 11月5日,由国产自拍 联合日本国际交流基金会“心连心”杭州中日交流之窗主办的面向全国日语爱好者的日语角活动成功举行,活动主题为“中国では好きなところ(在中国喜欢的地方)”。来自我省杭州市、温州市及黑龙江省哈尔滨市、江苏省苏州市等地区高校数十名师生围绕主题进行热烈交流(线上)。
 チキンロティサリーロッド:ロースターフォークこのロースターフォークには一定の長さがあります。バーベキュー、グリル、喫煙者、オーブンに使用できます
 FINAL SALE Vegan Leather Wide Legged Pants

Task to complete
The whole of the material above should be given again exactly.

Finished task
 11月5日,由国产自拍 联合日本国际交流基金会“心连心”杭州中日交流之窗主办的面向全国日语爱好者的日语角活动成功举行,活动主题为“中国では好きなところ(在中国喜欢的地方)”。来自我省杭州市、温州市及黑龙江省哈尔滨市、江苏省苏州市等地区高校数十名师生围绕主题进行热烈交流(线上)。
 チキンロティサリーロッド:ロースターフォークこのロースターフォークには一定の長さがあります。バーベキュー、グリル、喫煙者、オーブンに使用できます
 FINAL SALE Vegan Leather Wide Legged Pants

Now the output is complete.